I've read such wicked intent the second book and it is really good so im holding on this book right now cause I just have a feeling that this is going to be really good. You should totally read such wicked intent if you haven't.

SCL_Justin Aug 03, 2017

Kenneth Oppel’s YA novel This Dark Endeavour is a story of Viktor Frankenstein as a young man. He and his twin brother Konrad live in a castle near Geneva with their cousin Elizabeth. Though they’re identical twins, Konrad is the one who’s better at talking to people and fencing and schoolwork and bravery and all the things that get a young man attention. But when Konrad falls mysteriously ill Viktor and Elizabeth and their friend Henry turn to the forbidden art of alchemy to see if they can help him where the doctors failed.

It’s a good story. It has a clear escalating structure of finding alchemical ingredients, and the jealousy Viktor feels for Konrad is mixed with love enough that you want him to succeed even if you know he’s taking a weird self-absorbed path. Also, there’s passionate teenage declarations of love and melodrama. The weirdest part of the book was the Frankenstein family’s anachronistic liberalism. Early on there’s a scene where the family makes dinner for the servants, which helps make the upper-class family thing feel a bit more relatable for 21st century readers, but felt reductionist to me.

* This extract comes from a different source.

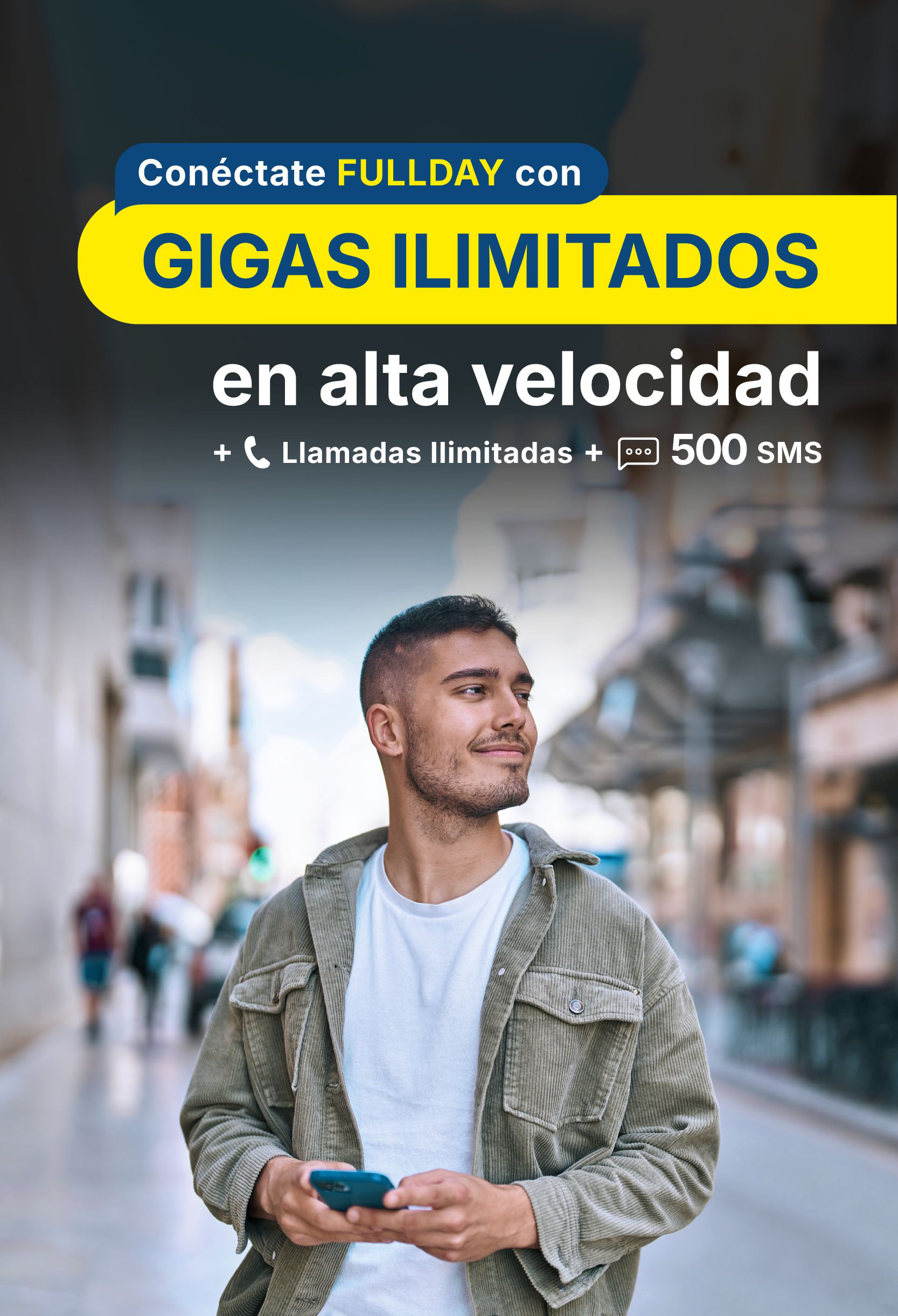 Activa el paquete Fullday y obtén GB ILIMITADOS en ALTA VELOCIDAD + llamadas ilimitadas + 1000 SMS hasta las 11:59 p.m. del mismo día de la compra.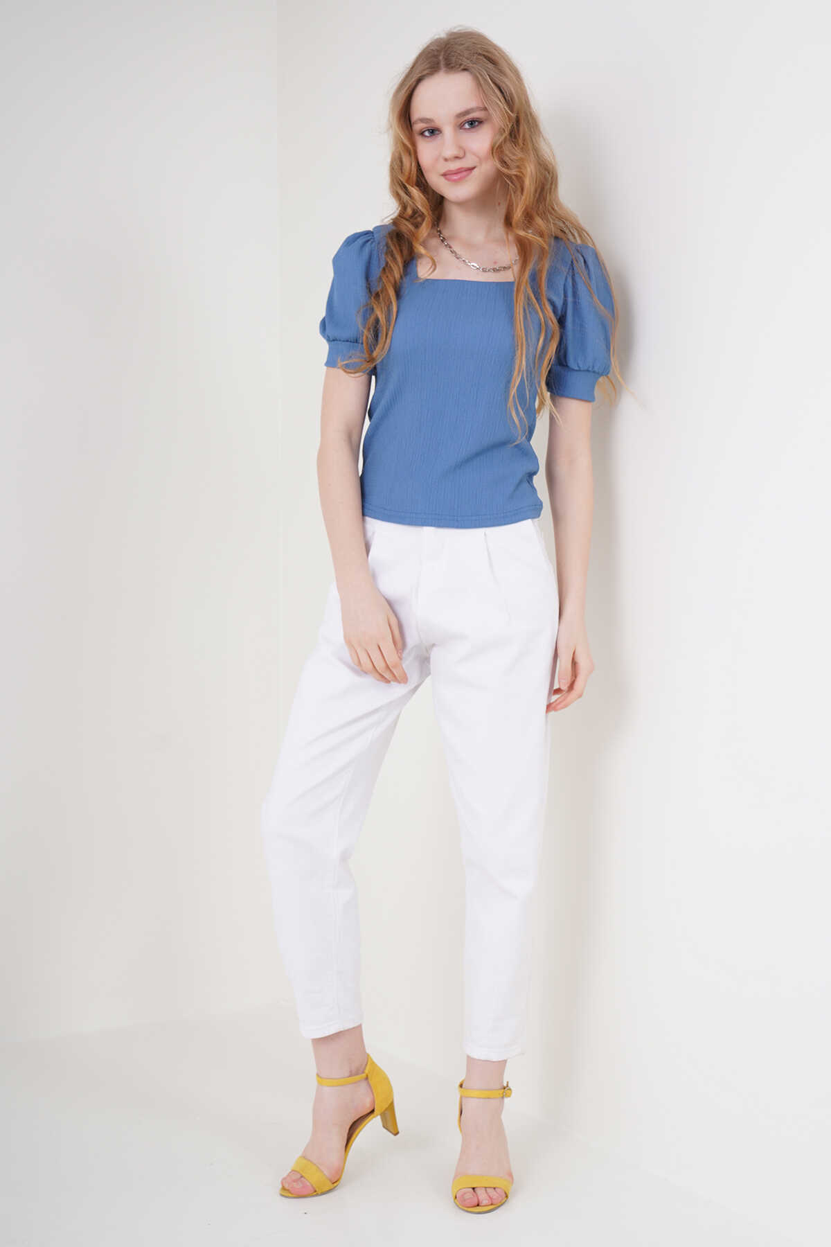 0409 Kare Yaka Örme Bluz - İndigo - Kombin

In any case, it worked well as a dark YA adventure story, and had some interesting discussion of alchemy, science and religion. I’ll recommend it.

Dec 04, 2016

I really liked the symbolism in this book. We have to read this for our English class as a potential source for our final essays and activities. To be very honest, I hate it when teachers take perfectly fine books and break them into tiny splinters of knowledge that we have to know completely and utterly. I am pretty sure authors write books and have some chapters with non-essential information, but apparently in school "everything is important." I really ship Elizabeth and Konrad though, I don't see why people like Victor. He is really too irrational, and I relate to Konrad more in personality. I think. 4/5.
- @Siri of the Teen Review Board at the Hamilton Public Library

Apr 09, 2016

This book is sooo good, it actually got me scared at the best parts. Kenneth Oppel is by far one of the best writers of our time.

Aug 16, 2014

“This Dark Endeavour” stars Victor Frankenstein, a sixteen year old aristocrat from Geneva, Switzerland. When Victor’s twin brother Konrad falls ill with a mysterious sickness, Victor sets off to create a cure. Victor enlists the help of his extremely distant cousin Elizabeth, his friend Henry, and an alchemist named Julius Polidori.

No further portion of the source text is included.